La Journée de l’Excellence scolaire 2026 s’est tenue sous le thème : « Cultiver l’excellence scolaire dans le contexte de la refondation de l’école burkinabè ». La cérémonie a été parrainée par le président de la Fondation Bank of Africa (BOA), Lassiné Diawara, et le ministre de la Communication, de la Culture, des Arts et du Tourisme, Pingdwendé Gilbert Ouédraogo. Pour les parrains, l’excellence ne saurait être réduite aux seuls résultats scolaires. Elle doit s’inscrire dans la durée et reposer sur des valeurs telles que la discipline, l’intégrité, le travail et la responsabilité. « Les diplômes ouvrent des portes, mais c’est le caractère qui les maintient ouvertes. Le talent crée des opportunités, mais c’est le travail qui assure un succès durable », a souligné Lassiné Diawara.
Un message qui rejoint celui adressé aux lauréats : la distinction obtenue doit constituer moins une finalité qu’un point de départ vers de nouvelles responsabilités.

Les lauréats veulent mettre leur excellence au service du pays
Au nom des élèves distingués, le porte-parole des lauréats, Sékou Traoré, a salué les efforts engagés par le gouvernement dans le cadre de la refondation de l’école burkinabè. Il a notamment relevé l’importance accordée à l’innovation, à la rigueur et au développement de l’enseignement technique et professionnel. Le jeune lauréat a également rendu hommage aux enseignants et aux personnels éducatifs qui continuent d’exercer leur mission dans des conditions difficiles, particulièrement dans les zones confrontées aux défis sécuritaires. Il a associé à cet hommage les encadreurs ainsi que les Forces combattantes. Pour Sékou Traoré, recevoir un prix d’excellence ne constitue pas l’aboutissement d’un parcours. C’est au contraire une responsabilité supplémentaire envers la Nation.

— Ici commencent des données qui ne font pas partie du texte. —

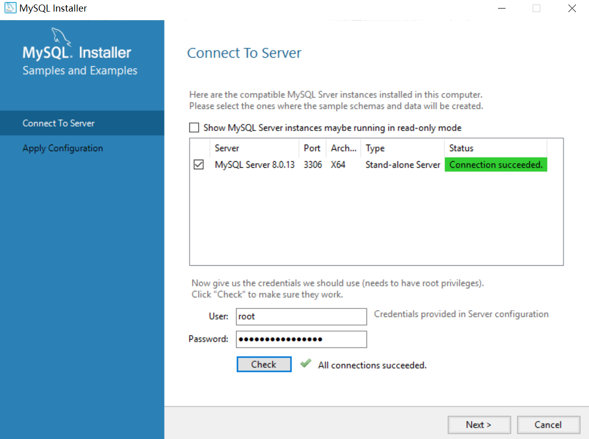 先从安装开始,云盘中提供了mysql-installer-community-8.0.13.0.msi, 打开后同样是一路next和execute就行。中途如果提示你没有安装VS和Python3.7无法进行连接的话其实不用管它(我明明安装了python3.7啊可它就是没检测出来),不过我还是在云盘中提供了python3.7的安装包。

L’excellence, a-t-il défendu, doit ainsi se traduire par la compétence, l’intégrité, la créativité et la volonté de servir la communauté.
Au-delà des récompenses remises aux meilleurs élèves et enseignants, la Journée de l’Excellence scolaire 2026 aura donc été l’occasion de rappeler les ambitions portées autour de la refondation de l’école burkinabè.Pour le Président du Faso, le défi est désormais de faire de l’éducation un véritable outil de transformation du pays. Et dans cette perspective, le message adressé aux jeunes est sans ambiguïté : davantage de sciences, de technologie, de savoir-faire et de capacité à produire.
Une orientation qui place l’école au cœur du projet de souveraineté défendu par les autorités, avec une priorité affichée : former des femmes et des hommes capables non seulement de chercher un emploi, mais surtout de créer, d’innover et de participer directement à la construction du Burkina Faso.